Probabilities = [ 0.40460971 0.14884759 0.14884759 0.14884759 0.14884759]

Predicted Labels = [34, 23, 17, 36, 38]

The model predicts 0.4 probability of Turn left ahead which is the correct prediction. Other close predictions are: Slippery road, No entry, Go straight or right and Keep right.

Probabilities = [ 0.30889761 0.21843128 0.15756191 0.1575551 0.15755409]

Predicted Labels = [ 6, 41, 1, 2, 8]

The model predicts 0.3 probability of End of speed limit (80km/h). Model is predicting wrong and the correct answer is speed limit of (50km/h). I believe due to round red coloured sign board, the model is not able to make correct predictions. Data augmentation can improve this.

Probabilities = [ 0.40442264 0.14896369 0.14887123 0.1488712 0.14887121]

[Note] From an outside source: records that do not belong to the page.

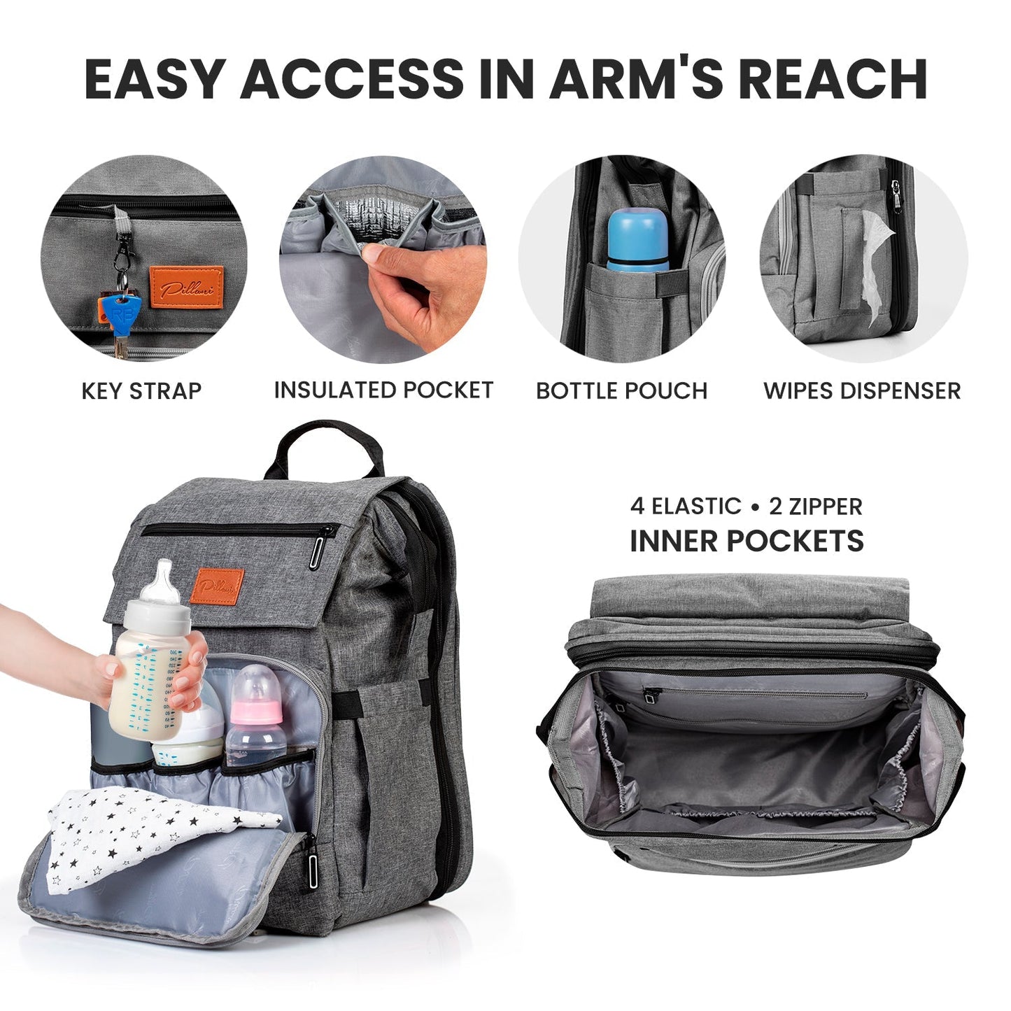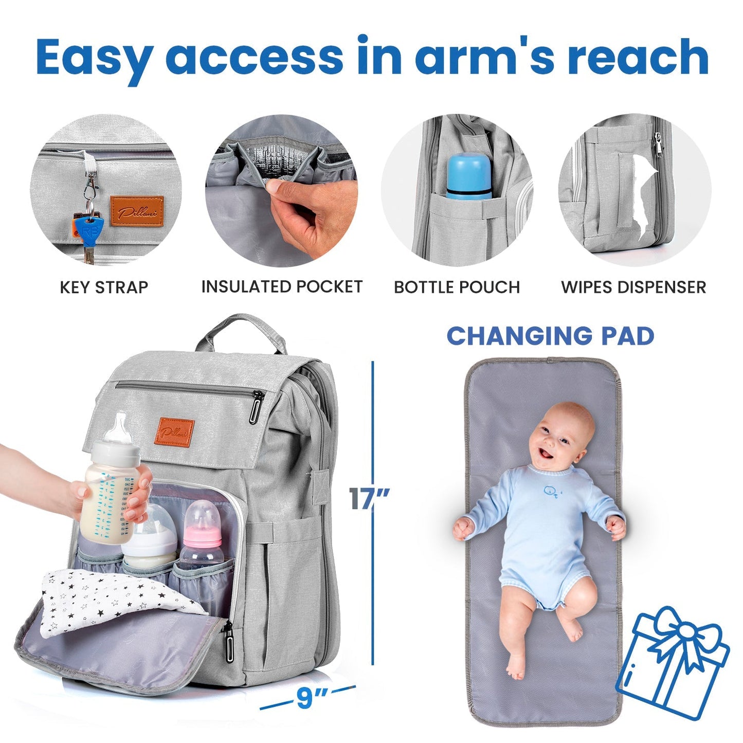 - 【Excellent Gift Idea】- Whether you're a new mommy, nursing your child toddler or a parent of twins, get this Pillani diaper backpack as your go-to cute and stylish baby bag when traveling with the family. It makes for a great maternal & baby must haves, registry for baby, and gender-neutral baby shower gift for new parents! Click 'Add to Cart' now and don't miss out on our trendy and modern products!
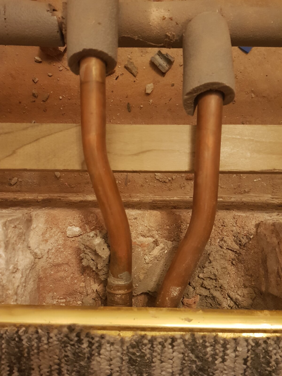 Looking for some help. Pic attached shows two 22mm rad pipes coming out of the hallway (concrete floor) into suspended timber floor and are messing with my plans to run a joist along the wall where they come out. The joists are 100mm which means I can notch max 12.5mm from them. However the top of the joist needs to sit at least just above the top of the pipe - that would require say a 25mm notch, double the Eurocode recommendations.
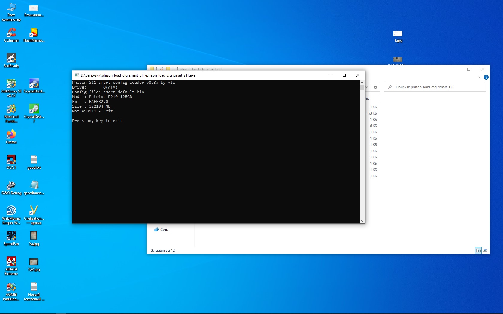Народ прошу помощи. Хотел расширить Смарт у своего Patriot p210 на 128 ГБ. Он выполнен на PS3111 , но софтина phison_load_cfg_smart_s11 ругается на отсутствие контроллера. Что делать? И подскажите какой же все же размер SLC кэша?
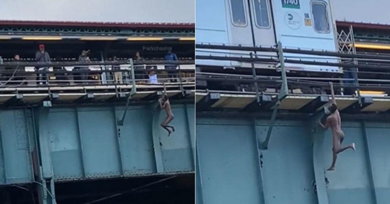 Šokantan video potpuno golog muškarca koji visi i zatim pada sa nadvožnjaka u Bronxu širi se Twitterom, prenosi New York Post.
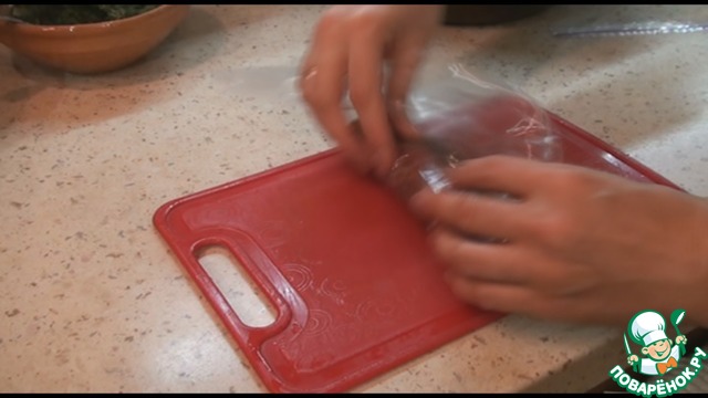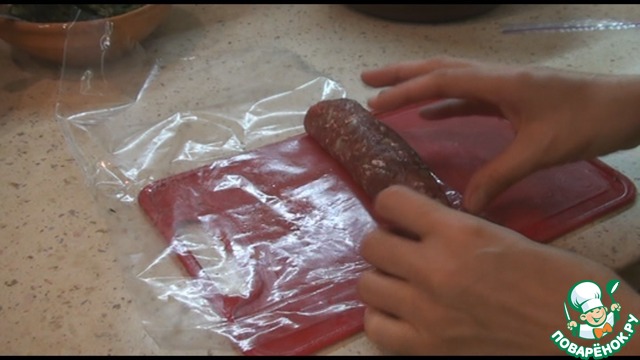 С помощью пленки заворачиваем рулет, прижимая немного руками. Края подворачиваем, чтобы сыр меньше вытекал при запекании.
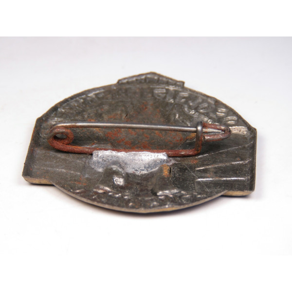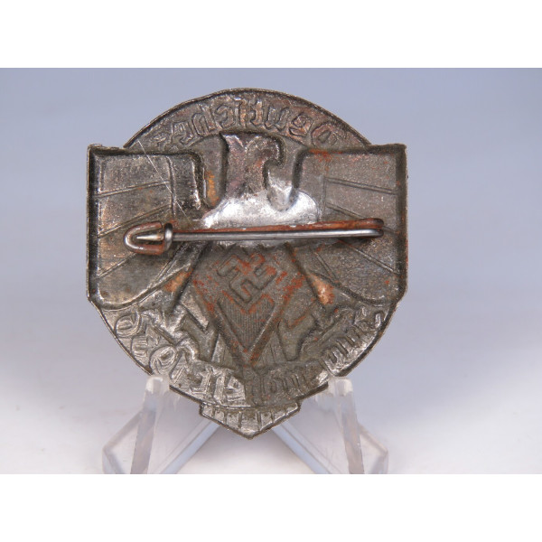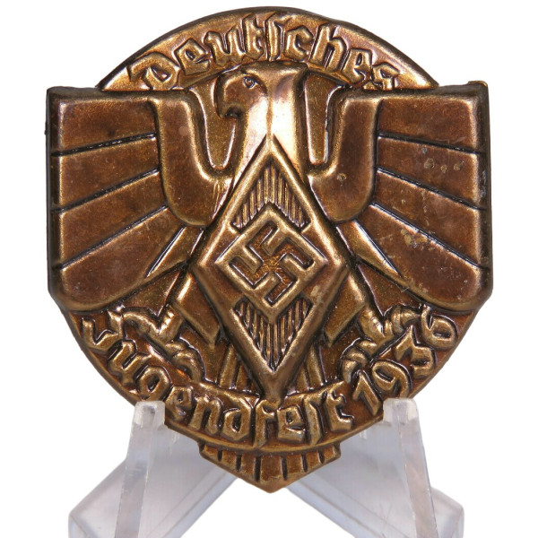 Participant badge for the German National Youth Festival of 1936. The obverse features a national eagle with the Hitler Youth diamond and swastika at the center, inscription below: “Deutsches Jugendfest 1936”. Stamped from tinplate with bronze finish and toned highlights, lightly patinated surface. Good collectible condition.
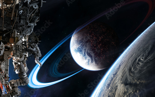 Deep space planets, orbiting space station - science fiction - elements of this image furnished by nasPoster
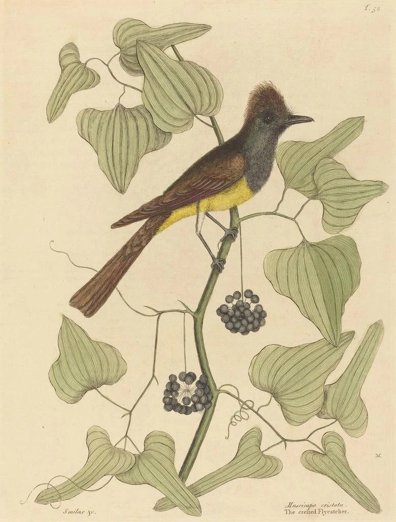 The crested flycatcher Muscicapa cristata - Mark Catesby
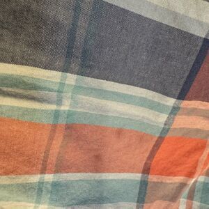 Pattern: Vibrant blue, red/pink, and white plaid or madras pattern.
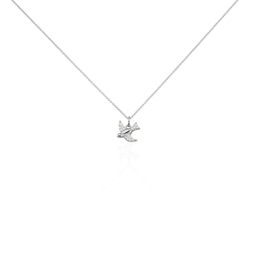 Collier Argent Blanc 925/1000 Motif Hirondelle Avec Oxydes De Zirconium 45cm
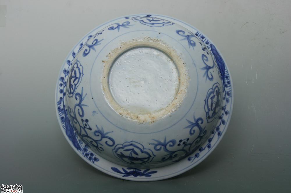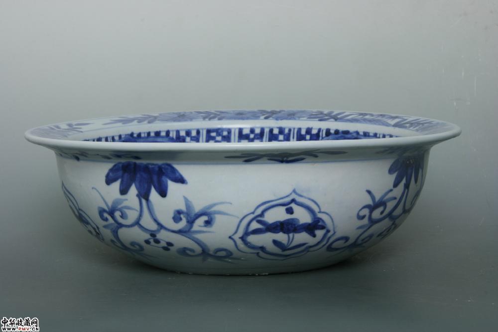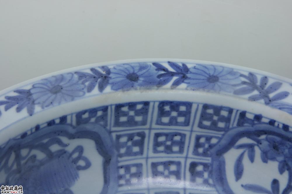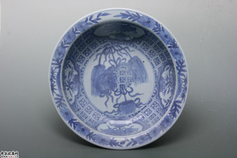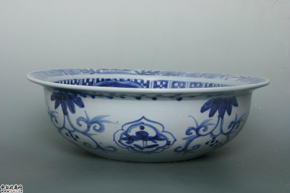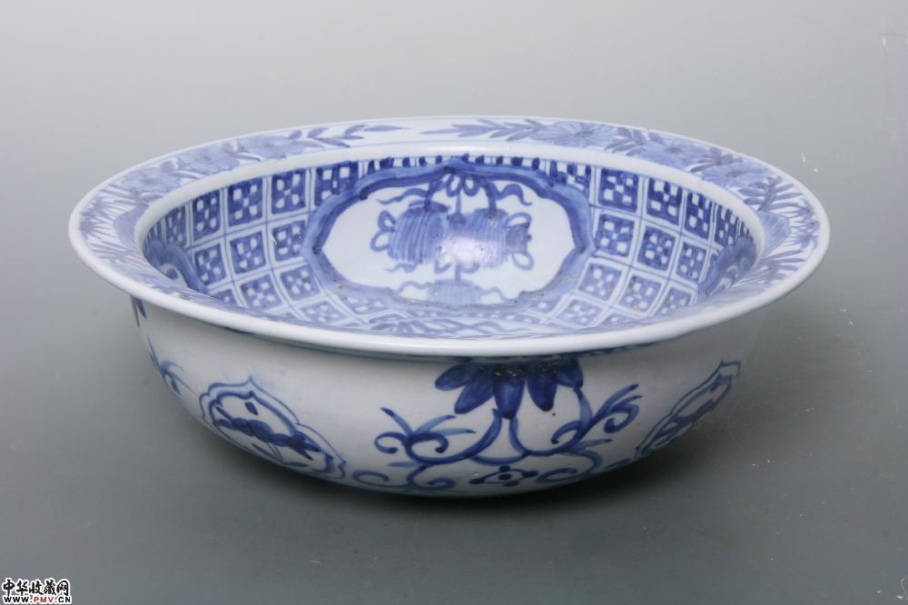 明晚期平和窑青花花卉纹折沿盆

Predicted Labels = [ 5, 6, 36, 1, 4] The model predicts 0.4 probability of Speed limit (80km/h), which is also again wrong because this image is also of speed limit of (50km/h).

Probabilities = [ 0.39317906 0.15471518 0.15154389 0.15028842 0.1502735 ]

Predicted Labels = [ 5, 40, 4, 11, 1] The model predicts 0.3 probability of Speed limit (80km/h), which is also again wrong because this image is of Stop sign.

Probabilities = [ 0.40460971 0.14884759 0.14884759 0.14884759 0.14884759]

Predicted Labels = [25, 31, 23, 37, 17] 0.4 probability prediction for Road work sign which is a correct prediction.

Probabilities = [ 0.40460971 0.14884759 0.14884759 0.14884759 0.14884759]

Predicted Labels = [23, 29, 21, 19, 36] 0.4 probability prediction of Slippery road which is also correct prediction.

Probabilities = [ 0.40460438 0.14885083 0.1488483 0.14884827 0.14884825]

Predicted Labels = [ 3, 31, 1, 6, 5] 0.3 probability prediction for speed limit of 60 km/hr which is a correct prediction.

Probabilities = [ 0.40460971 0.14884759 0.14884759 0.14884759 0.14884759]

Predicted Labels = [ 1, 2, 5, 0, 3] 0.4 probability prediction of Speed Limit 30 km/hr which is a correct prediction.

Probabilities = [ 0.40460971 0.14884759 0.14884759 0.14884759 0.14884759]

Predicted Labels = [18, 27, 26, 21, 0] 0.4 probability prediction of General caution which again is the correct prediction.